Items from a dataset:
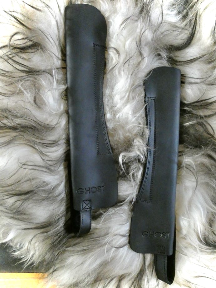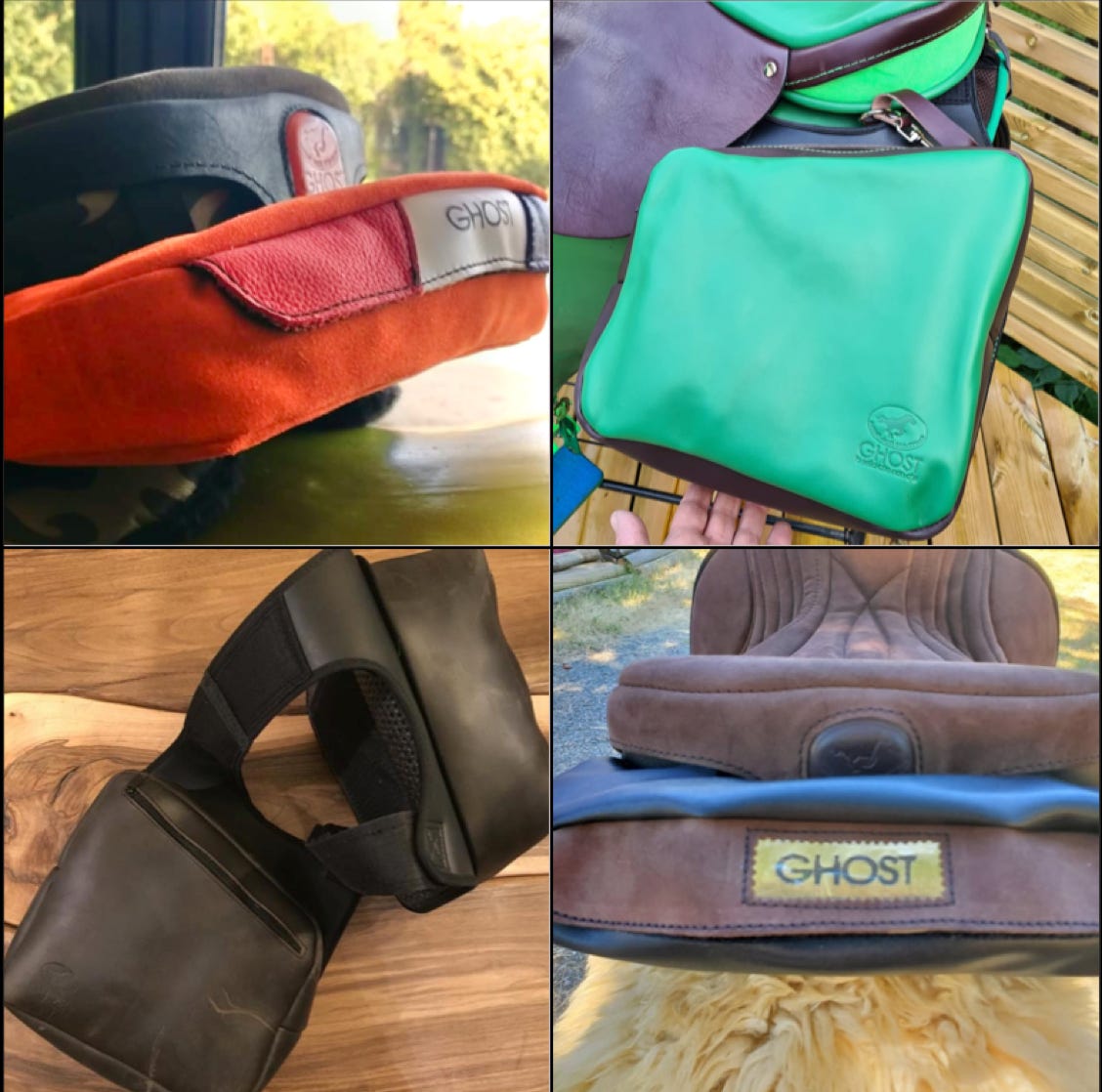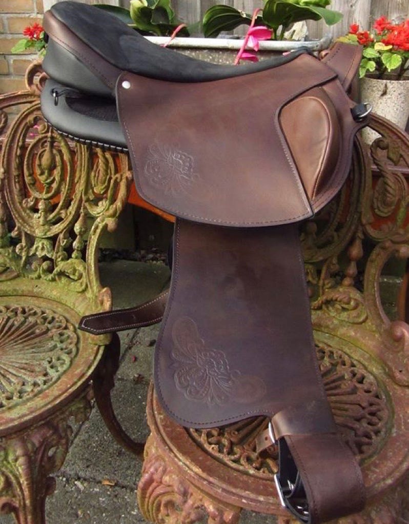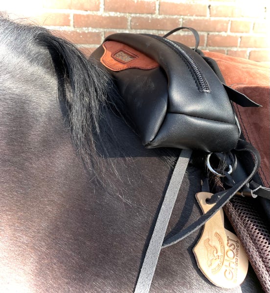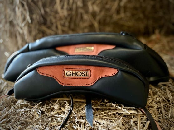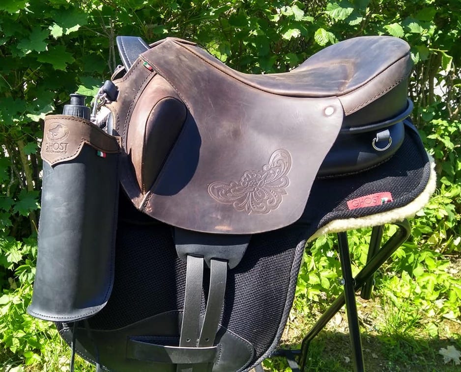 Ghost has many accessories, such as pads, girths, front risers and seat diminishers, stirrup straps, stirrups strap protectors, girth strap protectors, fenders, seat savers and Zalea’s…. each accessory is custom made to match your saddle and taste. Saddle bags and a cantle bag also available for your Ghost . Several examples are below.
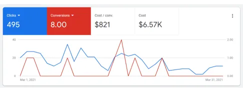 We took over the account in March with initial metrics showing 18,288 impressions, 495 clicks, and only 8 conversions. The cost per conversion was high at $821. Initial strategies focused on boosting ad reach, reducing costs, and improving targeting.
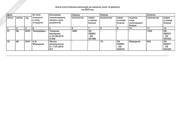 - 480Книга учета бланков квитанций на оказание услуг по ремонту
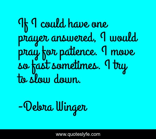 This page presents the quote "If I could have one prayer answered, I would pray for patience. I move so fast sometimes. I try to slow down.". Author of this quote is Debra Winger. This quote is about try, slow, prayer,.
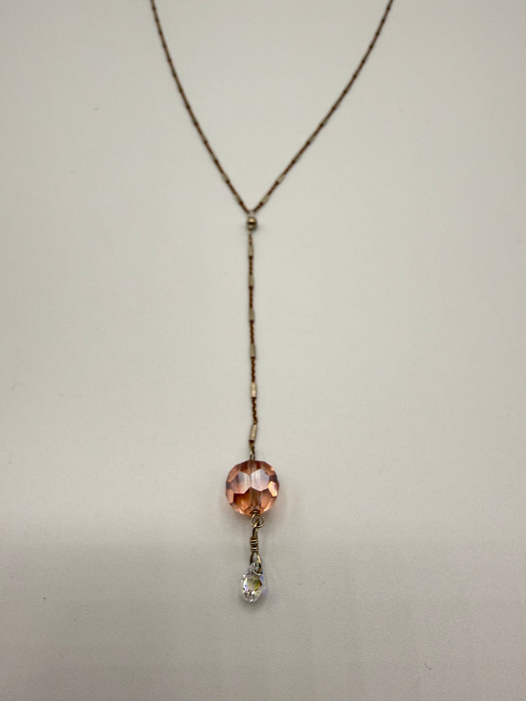 rose gold/sterling silver "Y" necklace with pink crystal and dangling clear crystal, sterling silver trigger clasp closure, approx. 28" long, one-of-a-kind
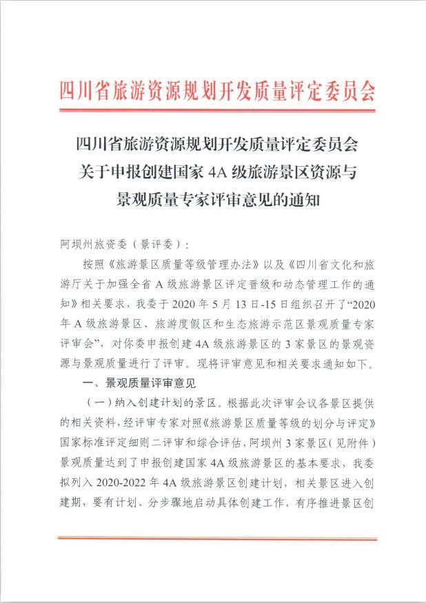 近日,四川省旅游資源規(guī)劃開發(fā)質(zhì)量評定委員會通報了2020年申報創(chuàng)建4A級旅游景區(qū)景觀資源與景觀質(zhì)量專家評審會結(jié)果。
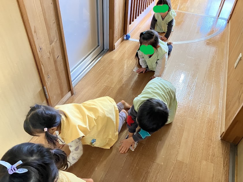 最後は、雑巾がけ!力を込めてバランスを崩さないように頑張りました💕
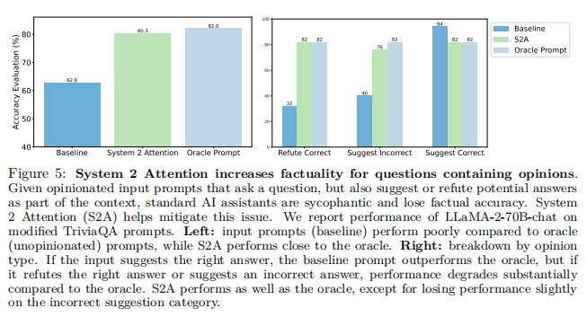 System 2 Attention increases factuality for questions containing opinions 图5(左)显示了factual QA evaluation的总体结果。输入提示,由于在其上下文中包含的意见,失去了其答案的准确性,产生了62.8%的问题的正确率。相比之下,Oracle prompt达到了82.0%。系统2注意与原始输入提示相比有了很大的改进,准确率为80.3%,接近oracle prompt性能。

* What the exercise asks
Without the pictures, copy all of the entries exactly as they appear.

* Problem solution
 Ghost has many accessories, such as pads, girths, front risers and seat diminishers, stirrup straps, stirrups strap protectors, girth strap protectors, fenders, seat savers and Zalea’s…. each accessory is custom made to match your saddle and taste. Saddle bags and a cantle bag also available for your Ghost . Several examples are below.
 We took over the account in March with initial metrics showing 18,288 impressions, 495 clicks, and only 8 conversions. The cost per conversion was high at $821. Initial strategies focused on boosting ad reach, reducing costs, and improving targeting.
 - 480Книга учета бланков квитанций на оказание услуг по ремонту
 This page presents the quote "If I could have one prayer answered, I would pray for patience. I move so fast sometimes. I try to slow down.". Author of this quote is Debra Winger. This quote is about try, slow, prayer,.
 rose gold/sterling silver "Y" necklace with pink crystal and dangling clear crystal, sterling silver trigger clasp closure, approx. 28" long, one-of-a-kind
 近日,四川省旅游資源規(guī)劃開發(fā)質(zhì)量評定委員會通報了2020年申報創(chuàng)建4A級旅游景區(qū)景觀資源與景觀質(zhì)量專家評審會結(jié)果。
 最後は、雑巾がけ!力を込めてバランスを崩さないように頑張りました💕
 System 2 Attention increases factuality for questions containing opinions 图5(左)显示了factual QA evaluation的总体结果。输入提示,由于在其上下文中包含的意见,失去了其答案的准确性,产生了62.8%的问题的正确率。相比之下,Oracle prompt达到了82.0%。系统2注意与原始输入提示相比有了很大的改进,准确率为80.3%,接近oracle prompt性能。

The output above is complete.